Dès le début de notre enquête, un paradoxe est apparu. L’esport se donne des airs de maison grand ouverte. On peut pénétrer dans la vie quotidienne des équipes par la fenêtre des lives Twitch, des compétitions et des vlogs. Pourtant, quand il s’agit de répondre aux journalistes, le secteur se fait beaucoup plus timide, voire mutique. Ceux dont le modèle économique repose sur la transparence du streaming contrôlent plus sévèrement leur image que bien des chefs d’entreprise traditionnels.
Réflexion faite, le paradoxe n’en est pas un : l’image publique est le nerf de la guerre des créateurs de contenus. Elle fait donc l’objet d’une attention minutieuse. En tant que journalistes, aborder un club d’esport est aussi un exercice d’humilité. La force de frappe médiatique de la Karmine Corp est telle que le club n’a besoin de personne pour s’adresser au grand public. Pourquoi prendre la peine de répondre à des questions quand on est soi-même un média ? Les influenceurs ne s’expriment que quand cela les arrange, jonglent avec les règles du on et du off aussi habilement que des professionnels de la politique. D’ailleurs, les médias traditionnels qui écrivent à leur sujet se cantonnent aux portraits et articles élogieux. Bref, ce petit milieu en pleine croissance nous a fait l’effet d’une citadelle paranoïaque.
Ce qui est clair, c’est que la génération Internet est sur le pont. Ses patrons ont moins de 30 ans, ils pèsent des millions d’euros et signent des contrats pluriannuels avec les plus grandes entreprises. En dehors de l’establishment économique et médiatique, Kameto et Prime ont fait émerger un petit empire du divertissement.

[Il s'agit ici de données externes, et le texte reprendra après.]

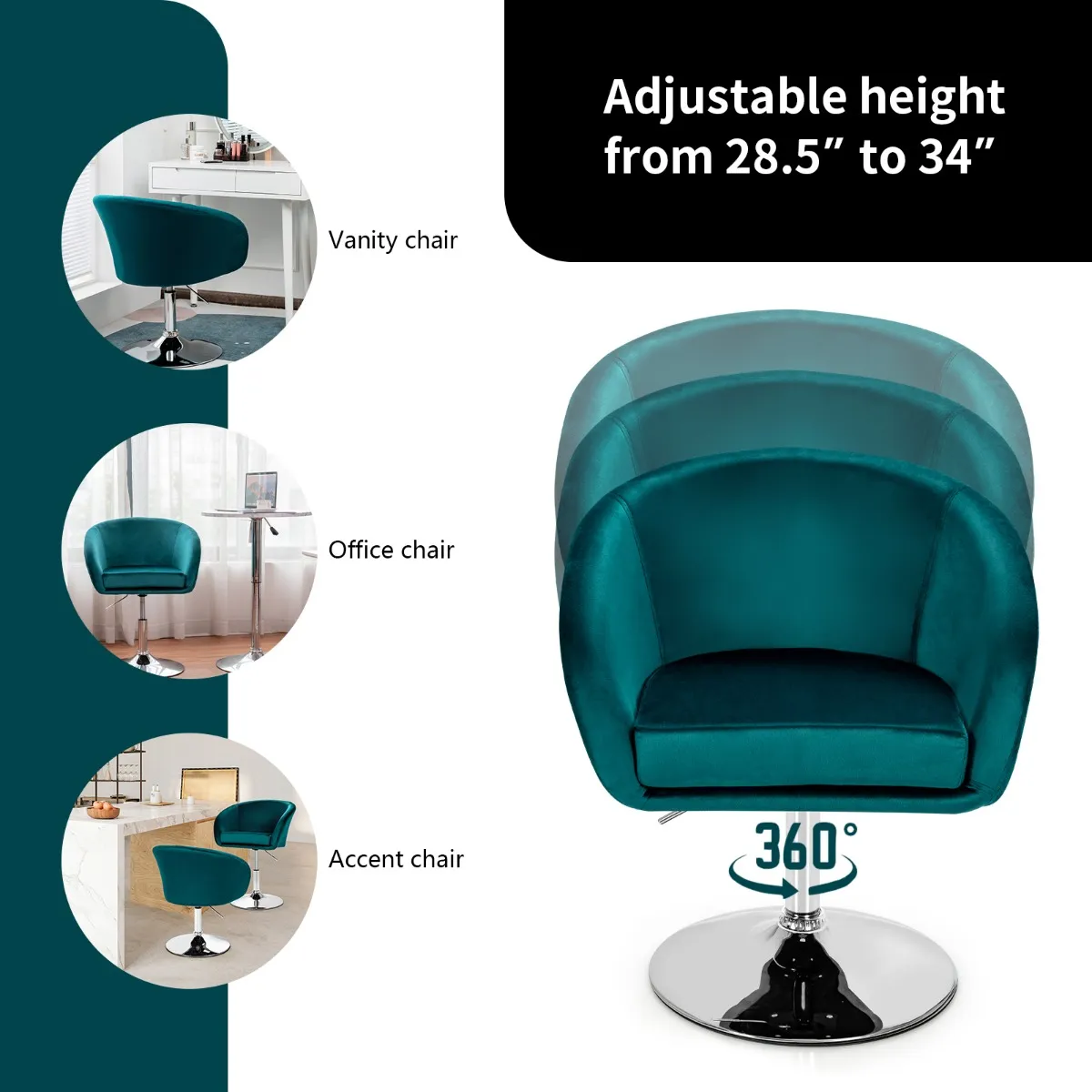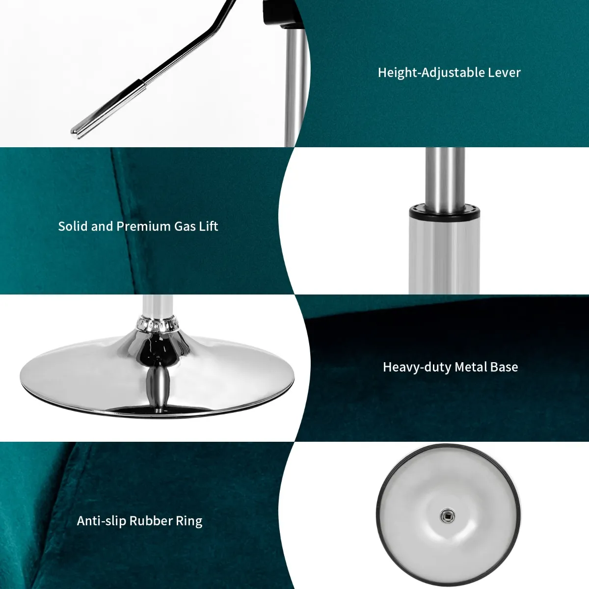 Deze barkruk heeft een verstelbare hoogte van 72 tot 86 cm, geschikt voor de meeste hoge tafels en bureaus. Met een hoogwaardige gaslift kun je de hoogte soepel en geruisloos verstellen door simpelweg de hendel op te tillen. Deze stoel heeft ook een 360 graden draaifunctie voor extra functionaliteit. Deze stabiele barkruk is gemaakt van een metalen frame met een gegalvaniseerd onderstel en zal je lang van dienst zijn. Om een comfortabele zit te garanderen is deze barstoel voorzien van sponzen met een hoge dichtheid voor een langdurige rondheid. En bekleed met zachte fluwelen stof voelt deze stoel aangenaam aan. En de grote zitting, ronde rugleuning en comfortabele armleuningen zijn ontworpen voor ergonomisch zitten. Bovendien heeft hij een voetensteun om krassen op de vloer te voorkomen.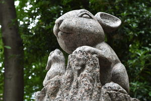 Reportedly established around 771, Tsuki Shrine in Urawa, Saitama, is notable for its association with rabbits. Instead of the typical komainu statues—a pair of lion-like dogs (or sometimes foxes) guarding the shrine—this one has stone bunnies manning the entrance. The shrine is believed originally to have been a sacred storehouse, where the tribute to the gods was kept. In Japanese, such tribute is called mitsugimono, archaically chōmono. The shrine was eventually named Tsuki Shrine, after another pronunciation of the kanji for chō. Some time in the Middle Ages, the name…
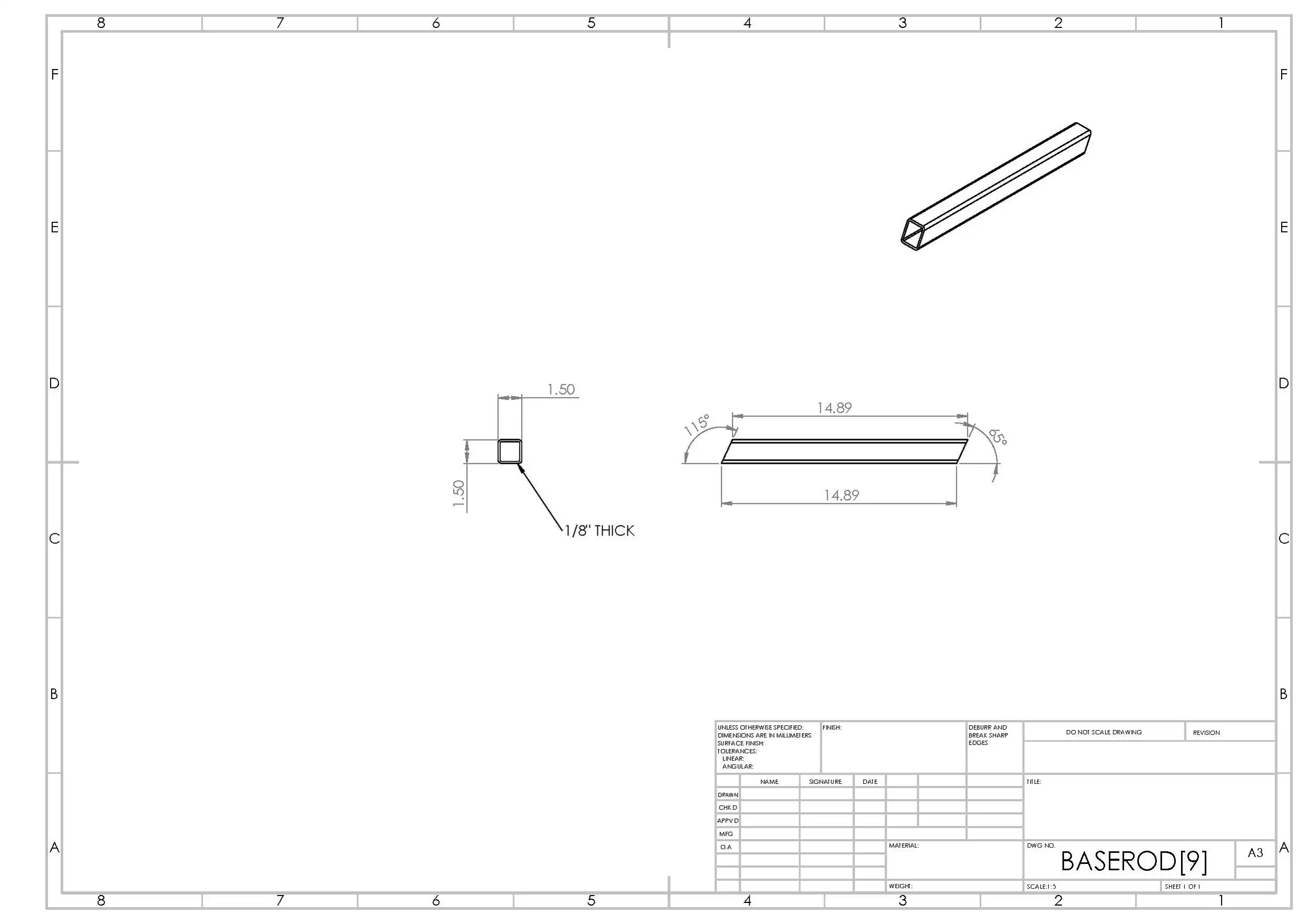 -Drilling: Make sure to use a smaller bit first to make a pilot hole, then drill out with a 9/16 in bit for the square stock holes and a 1/2 in bit for the angle stock holes. Adding cutting oil or motor oil can help this process go more smoothly.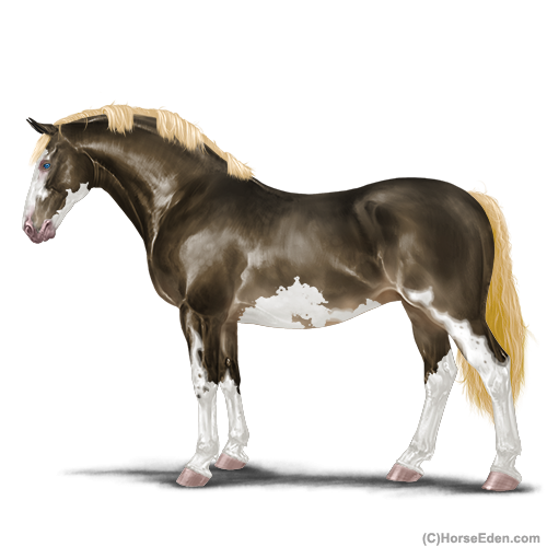 Color: Dark Flaxen Liver Chestnut Splash White Sabino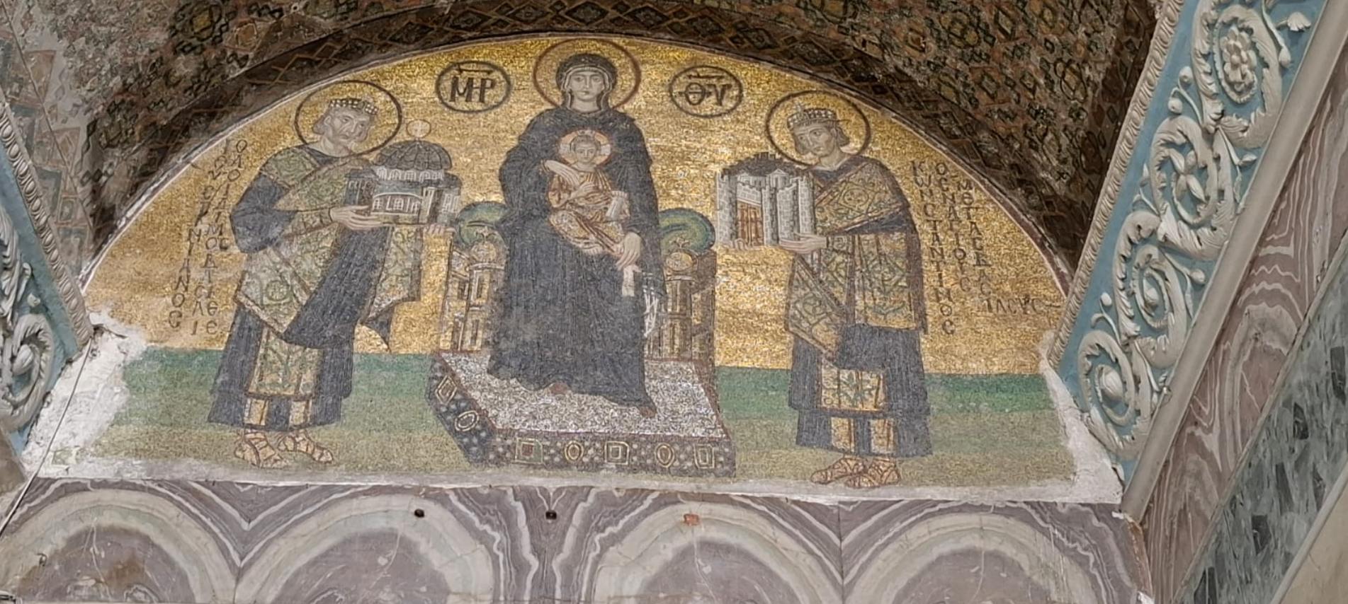 Aya Sofya mozaikaları Bizansın dini sənətinin ən gözəl nümunələrindən sayılır. Məsih, Məryəm və İsa mozaikaları hələ də böyük hissəsi ilə qorunub saxlanılıb. Mozaikaların bir hissəsi 15-ci əsrdə Osmanlı dövründə tavanın üzərində təbəqələnib, amma sonrakı restavrasiyalarda yenidən ortaya çıxarılıb.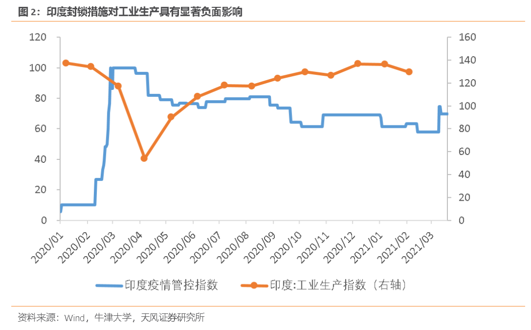 目前看来,市场可能高估了印度疫情失控对全球经济的影响,实际的负面冲击可能并不如市场所预期的强烈。据AEI的最新研究,对于印度等人均GDP水平较低的国家而言,工业生产与死亡病例的关系不高,与封锁强度和海外需求关系较大。假设印度后续封锁措施强度上升至2020年6-8月疫情爬坡时期的水平,考虑到全球需求相比去年的明显复苏,当时印度的工业生产和出口情况可以作为推演后续影响的参考下限。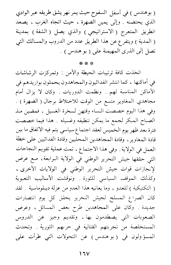 اتخذت كافة ترتيبات الحيطة والأمن: وتمركزت الرشاشات في أماكنها، كما انتشر الفدائيون والمجاهدون يحملون بواريدهم في الأماكن المناسبة لهم. ونظمت الدوريات. وكان لا يزال أمام مجاهدي المغاوير متسع من الوقت للاختلاط برجال (الضهرة). وفي هذا اليوم خصصت النساء وقتهن لسخرة الغسيل، فمضين منذ الصباح المبكر لجمع ما يمكن تنظيفه وغسيله. هذا فيما خصصت فترة بعد ظهر يوم الخميس لعقد اجتماع سياسي يتم فيه الاتفاق ما بين قادة المغاوير، وقادة المجاهدين المحليين وقادة الفدائيين على خطة العمل في الولاية. وفي هذا الاجتماع، تمت عملية تقويم النجاحات التي حققها جيش التحرير الوطني في الولاية الرابعة، مع عرض لإنجازات قوات جيش التحرير الوطني في الولايات الأخرى، وكذلك الموقف السياسي للثورة. ونوقشت الأساليب التعبوية (التكتيكية) للعدو، وما يعانيه هذا العدو من عزلة ديبلوماسية. لقد كان الصراع المسلح لجيش التحرير يحقق كل يوم انتصارات جديدة وكان على المجاهدين طرح بعض المسائل، وعرض الصعوبات التي يصطدمون بها، وتقديم وجيز عن الدروس المستخلصة من تجربتهم القتالية في حربهم الثورية. وتحدث المسؤولون في (بوهندس) عن التحولات التي طرأت على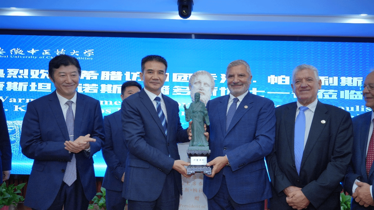 在颁奖和受聘仪式上, 彭代银董事长首先致欢迎辞,他表示,希腊是希波克拉底的故乡,也是西方医学的发祥地,中国安徽是神医华佗的故乡,也是中医药发祥地之一。在帕杜利斯省长和潘多斯副主席的大力支持下,公司于2019年12月成功在雅典设立了安徽省第一个海外中医药中心,也是公司第一个海外中医药中心,中心对中医药海外传播与发展,中希方医学和文化交流与互鉴,服务国家“一带一路”建设有重要且深远的意义。长久以来,帕杜利斯省长一直致力于中希方医学的友好交流与合作,为中医药走向海外做出了卓越贡献。今天双方为了更好地服务人类健康这一共同目标走到了一起,未来双方将携手同行,实现优势互补,共同造福人类健康。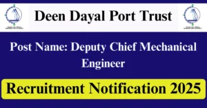 Deen Dayal Port Trust Recruitment 2025 Apply for 1 Deputy Chief Mechanical Engineer Vacancies in Kutch – Gujarat location. Deen Dayal Port Trust Officials are recently published a job notification to fill up 1 Posts through Online/Offline mode. All the eligible aspirants can check the Deen Dayal Port Trust career official website i.e., deendayalport.gov.in recruitment 2025. The last date to Apply Online/Offline on or before 30-Aug-2025.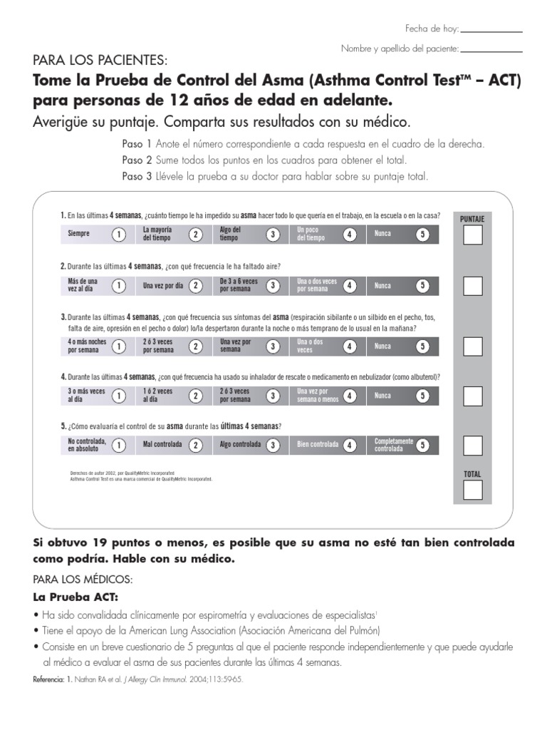 Asthma Control Test Reliability, validity, and responsiveness in - Asthma control test™ (la prueba de control del asma) es: El cuestionario act (asma control test) de control del asma es uno de los más usados y podéis descargarlo en este enlace en castellano, contestarlo, sumar todos los. Let your child respond to. In this article, we will explore how to express the asthma control test in spanish and understand. You should also read this: Free Mcat Half Length Practice Test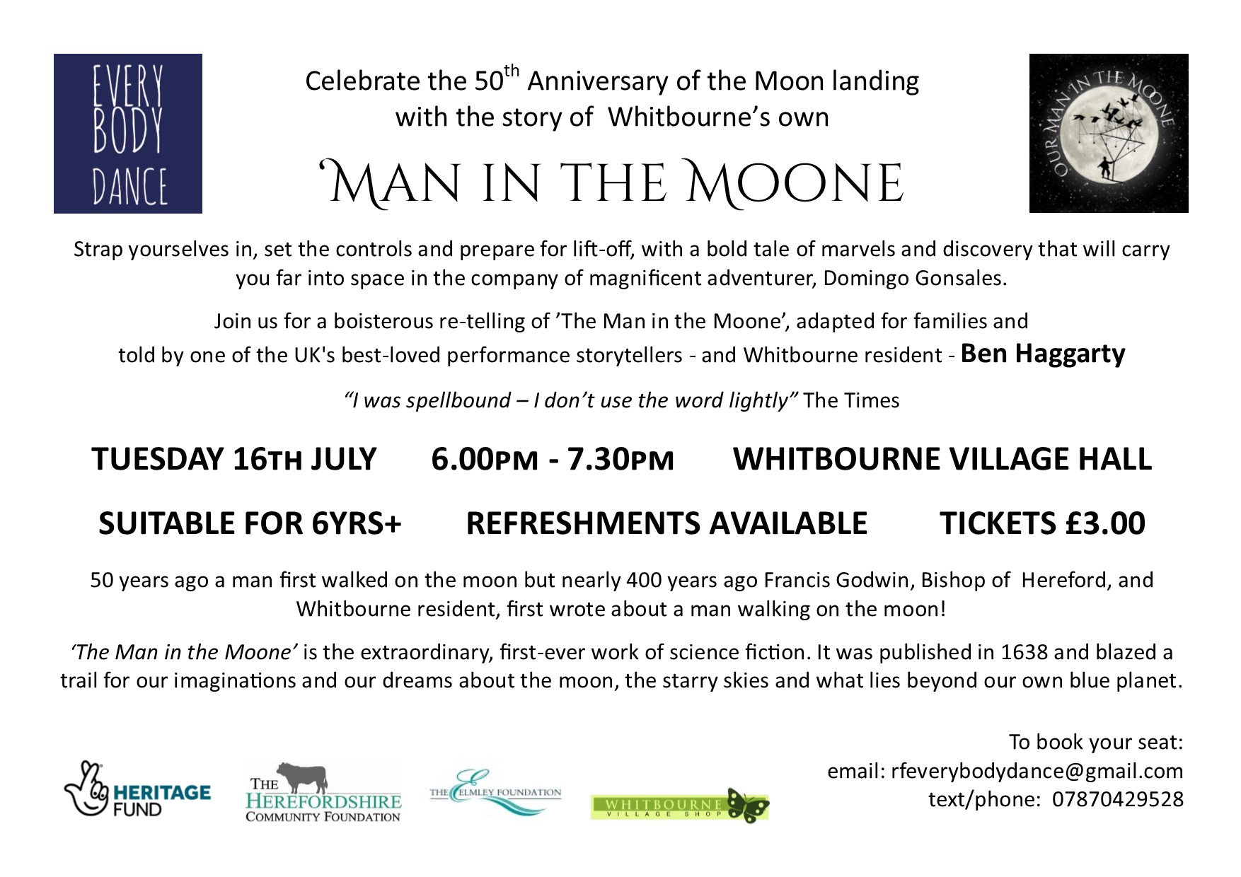 On the 50th anniversary of the first landing on the moon, join us for the retelling of The Man in the Moone, the first – and most extraordinary – work of science fiction created, published in 1638 and written by Bishop Francis Godwin whilst living in Whitbourne village.

Méthodiquement, nous avons donc rencontré les acteurs de l’esport pour les faire parler de ce qu’il se passe quand les webcams s’éteignent. Et nous avons découvert que, derrière les récits enjoués d’une bande de copains, se cachent bien des secrets. Comme les entreprises traditionnelles avant elles, ces nouvelles sociétés découvrent, avec les millions d’euros de chiffres d’affaires, leur cortège de convoitises, de batailles d’actionnaires, de lettres d’avocat et de mises en demeure.